The Council Fathers went beyond traditional language by substituting the word full (plene) for only and simply (tantum, simpliciter, reapse). The Doctrinal Commission of the Council clarifies that the reason “full” was finally used in the document was so that children who had not yet reached the age of reason and also the more unevangelized Christians who are not instructed enough to fulfill or to know all the conditions for membership, would not be excluded from the Church.26 This paragraph also makes the traditional point that those who are in the state of mortal sin are like dead members of the Church.

The Council then takes up the question of the various Christian societies that do not participate fully under these criteria. Following the idea that other Christians are not fully incorporated because they are not in full communion with all the means of salvation, the Council nevertheless wished to emphasize certain de facto common possessions. These common possessions are very many with the Eastern Orthodox churches, which are truly described as “churches.” As for other Christian communities, the means of union are varied and disparate. Still, they are there and they may be means by which the Holy Spirit operates in sanctifying grace. The Council emphasizes the difference between these societies and churches by not using the word “church” to refer to them. Rather, they are called “ecclesial communities.”27 The Council also uses the expression that these communities have “some real joining” with the Catholic Church. 28 The Doctrinal Commission says that some of the Fathers did not want the word “some” used because this would seem to suppress the action of the Holy Spirit in non-Catholic Christians who were well-disposed.29 The Commission chose to keep this word to show that the “joining” of Protestant and Catholic was not perfect but added the word “true” (vera) to avoid a pejorative interpretation.

The same intention stands behind paragraph 16, which points out the various positive elements in non-Christian religions that orient them in potency to the Catholic Church. The doctrine invoked here is traditional. The interpretive device for understanding it is found in the note from Thomas Aquinas (note 18). In the text to which the Council refers (ST III, q. 8, a. 3, ad 1), St. Thomas teaches that all men are in some way joined to Christ the Head, except the damned who have been fixed in their choice against him.
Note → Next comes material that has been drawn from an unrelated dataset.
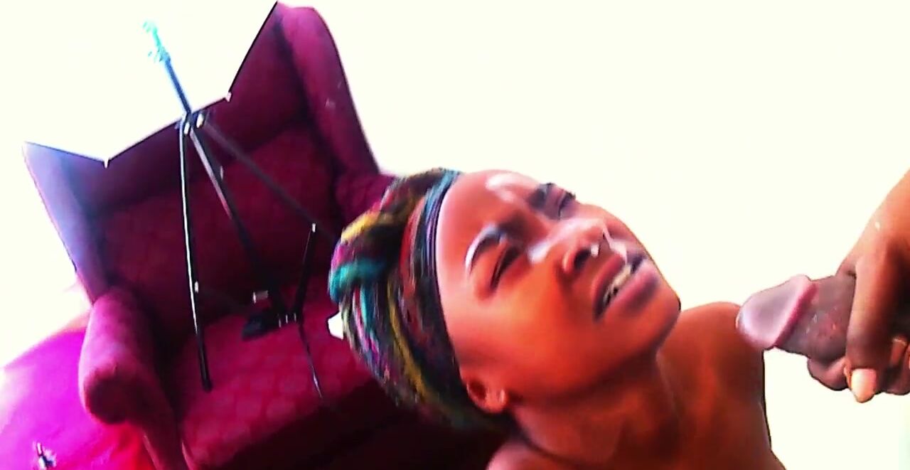 Dutch girl with needle pierced tits sucks cock and gets his cum in her eye

There are various degrees of membership in his Mystical Body. In fact, the term “Mystical Body” differs from a natural body because it includes both actual and potential members. In the Mystical Body, there is a progression of membership both actual and potential.

Those who are infidels, although they are not in the Church in act are nevertheless in her in potency. This potency is founded on two things: first and principally, on the power of Christ, which is sufficient to save the whole human race; secondly, on free will.30

This doctrine is also found in many of the Fathers of the Church, who refer to things such as “seeds of truth,” “affinity between the creature and Creator” and “divine pedagogy” in natural religions. These elements, which presumably are reflections of the natural law, are stated by the Doctrinal Commission to be “divinely given preparation”31 for the Gospel, but are not identified with the Gospel.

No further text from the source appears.